▶ What is being asked
From the line containing "Invia baci teneri" to the last line of the records below, transcribe everything exactly, pictures excluded.

◆ ◆ ◆ ◆ ◆ ◆ ◆

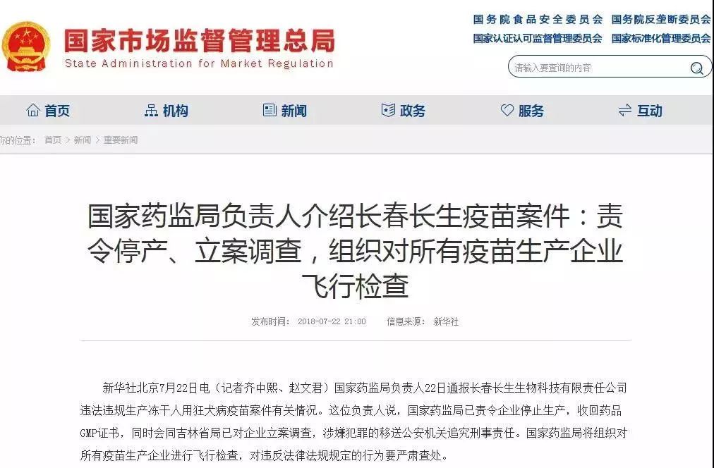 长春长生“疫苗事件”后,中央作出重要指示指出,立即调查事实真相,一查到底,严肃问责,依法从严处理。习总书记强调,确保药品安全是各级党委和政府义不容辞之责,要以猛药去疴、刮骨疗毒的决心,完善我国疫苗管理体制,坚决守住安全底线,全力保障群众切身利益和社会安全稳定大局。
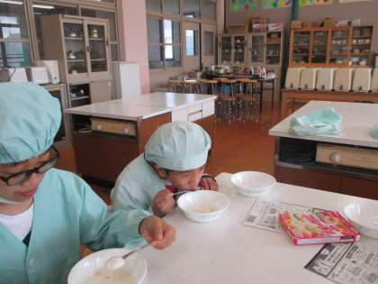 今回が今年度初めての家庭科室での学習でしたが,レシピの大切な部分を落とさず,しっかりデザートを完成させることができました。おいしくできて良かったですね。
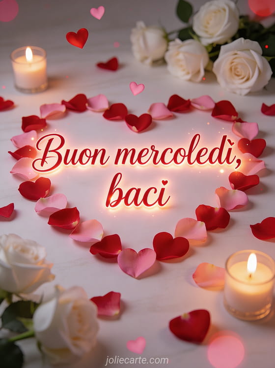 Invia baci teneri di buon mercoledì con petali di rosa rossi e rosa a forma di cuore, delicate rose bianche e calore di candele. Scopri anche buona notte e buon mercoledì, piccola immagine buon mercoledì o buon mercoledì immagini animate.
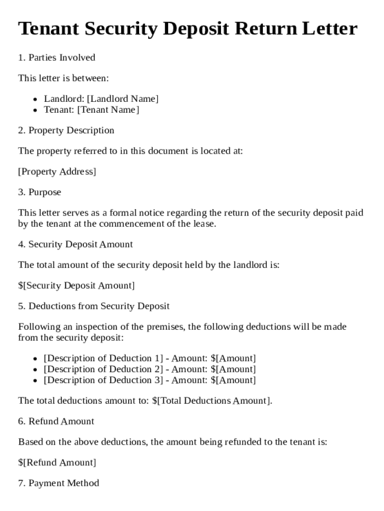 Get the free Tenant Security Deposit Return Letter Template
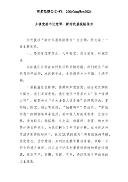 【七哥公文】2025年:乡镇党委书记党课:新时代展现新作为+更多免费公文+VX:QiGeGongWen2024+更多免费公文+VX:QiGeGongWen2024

◆ ◆ ◆ ◆ ◆ ◆ ◆

▶ Completed task
 Invia baci teneri di buon mercoledì con petali di rosa rossi e rosa a forma di cuore, delicate rose bianche e calore di candele. Scopri anche buona notte e buon mercoledì, piccola immagine buon mercoledì o buon mercoledì immagini animate.
 Get the free Tenant Security Deposit Return Letter Template
 【七哥公文】2025年:乡镇党委书记党课:新时代展现新作为+更多免费公文+VX:QiGeGongWen2024+更多免费公文+VX:QiGeGongWen2024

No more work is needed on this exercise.